The retired insurance official’s lost an action in which he claimed defamation and conspiracy against the Hermitage Golf Club in Lucan, Dublin, one of its officers, Eddie Murphy, and against the Golfing Union of Ireland.

He claimed a certificate sent to him in 2003 by the club’s handicap sub-committee, stating his handicap was 13, with the words “General Play (Handicap Building)”, meant he was cheating. The claims were denied.

Earlier this month, in rejecting Mr Talbot’s appeal against a July 2012 High Court decision against him, the Supreme Court said it was a case that had lasted 83 days over what was a simple matter. Chief Justice Susan Denham called for improved judicial management of cases as a result in order that best use can be made of court resources.

Yesterday, when the case came back for the court to deal with ancillary matters, counsel for the defendants applied for their costs, which had also been awarded against Mr Talbot in the High Court.

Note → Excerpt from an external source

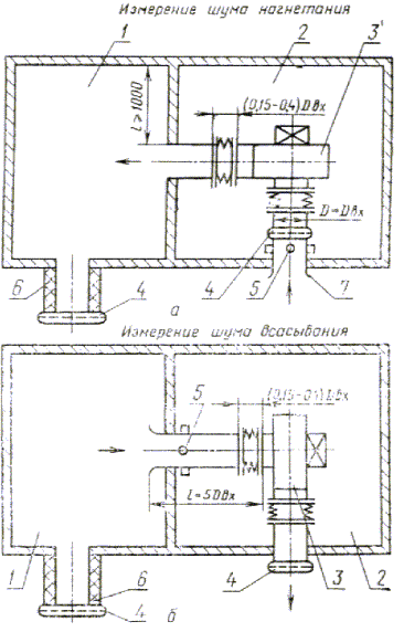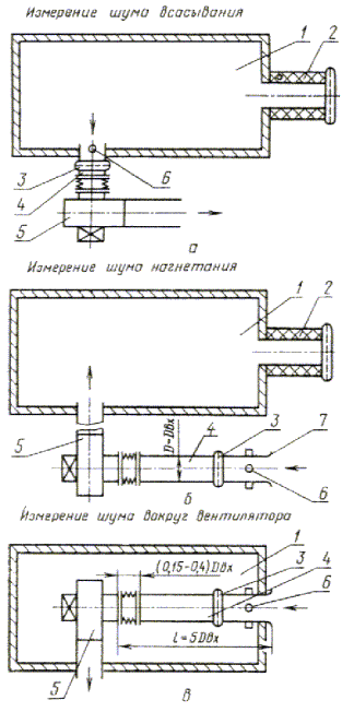 Постановлением Государственного комитета СССР по стандартам от 17 августа 1984 г. № 2909 срок действия установлен с 01.01.85 Ограничение срока действия отменено Настоящий стандарт распространяется на одноступенчатые радиальные вентиляторы по ГОСТ 5976-73 и одноступенчатые осевые вентиляторы по ГОСТ 11442-74, имеющие рабочие колеса диаметром от 200 до 5000 мм, и устанавливает методы определения шумовых характеристик. Стандарт полностью соответствует СТ СЭВ 4209-83. 1. ОБЩИЕ ПОЛОЖЕНИЯ1.1. Акустические испытания вентиляторов проводят для установления и проверки соответствия их паспортным данным и подвергают периодической проверке серийно выпускаемых вентиляторов. 1.2. Определяемые при испытаниях вентиляторов шумовые характеристики предназначены для: оценки шума, распространяющегося по воздуху и излучаемого в присоединяемые воздуховоды или окружающее пространство; сопоставления по шумовым характеристикам вентиляторов различных типов; акустических расчетов при проектировании оборудования, составной частью которого является вентилятор. 1.3. Термины и определения - по ГОСТ 23941-79. Краткие пояснения основных понятий, используемых в настоящем стандарте, приведены в приложении 1. Lрвс.в - во всасывающем воздуховоде вентилятора; Lрнг.в - в нагнетательном воздуховоде вентилятора; Lрвс - всасывания вентилятора; Lрнг - нагнетания вентилятора; Lрк - вентилятора в окружающем пространстве; Lрс - вентилятора, установленного в стене. 1.5. При определении шумовых характеристик вентиляторов результаты измерений выражают следующими показателями: уровнями звуковой мощности Lpi и уровнями звукового давления Li в одной из контрольных точек на расстоянии R = 1; 3; 5; 10 м в октавных полосах со среднегеометрическими частотами от 125 до 8000 Гц; корректированным уровнем звуковой мощности LPA. Допускаются измерения на более низких или более высоких частотах и в третьоктавных полосах со среднегеометрическими частотами от 100 до 10000 Гц. Допускается приводить значения показателей суммарного уровня звуковой мощности Lpå или других характеристик по ГОСТ 23941-79. (Измененная редакция, Изм. № 2). 1.6. Для определения шумовых характеристик вентиляторов применяют следующие методы: при определительных испытаниях: I - метод измерений внутри воздуховода, присоединенного к вентилятору; II-метод отраженного звукового поля в соответствии с ГОСТ 12.1.027-80; III - метод свободного звукового поля в соответствии с ГОСТ 12.1.026-80; при всех видах контрольных испытаний - любой из методов I, II, III или ориентировочный метод IV в соответствии с ГОСТ 12.1.028-80. 1.7. Требования к средствам измерений, аппаратуре и уровням помех, оценка качества звукового поля, порядок проведения измерений и классификация точности результатов измерений должны соответствовать ГОСТ 23941-79, ГОСТ 12.1.026-80, ГОСТ 12.1.027-80, ГОСТ 12.1.028-80 и настоящему стандарту. 2. АППАРАТУРА2.1. Аппаратура, применяемая для измерения шума, должна соответствовать ГОСТ 12.1.026-80, ГОСТ 12.1.27-80 и ГОСТ 12.1.028-80. Образцовый источник шума должен соответствовать требованиям ГОСТ 12.1.025-81. (Измененная редакция, Изм. № 1). 3. ПОДГОТОВКА К ИСПЫТАНИЮ3.1. Вентилятор, подвергающийся испытаниям, должен соответствовать техническим условиям. 3.2. Полная аэродинамическая характеристика вентилятора должна быть предварительно определена в соответствии с ГОСТ 10921-74. 3.3. Шумовые характеристики вентиляторов должн

In a prepared reply, Mr Talbot, who has represented himself, continued to dispute the issues in the case. In response to the Chief Justice’s recommendation about better case management, he said it was lawyers for the defendants who had been “time-wasting” and not him.

The solution to the issue of “long disputation” was for the half million euro in costs being charged by lawyers in the case to be paid to him, he said.

Chief Justice Denham said the general rule that “costs follow the event” applied here and the court saw no reason to depart from it.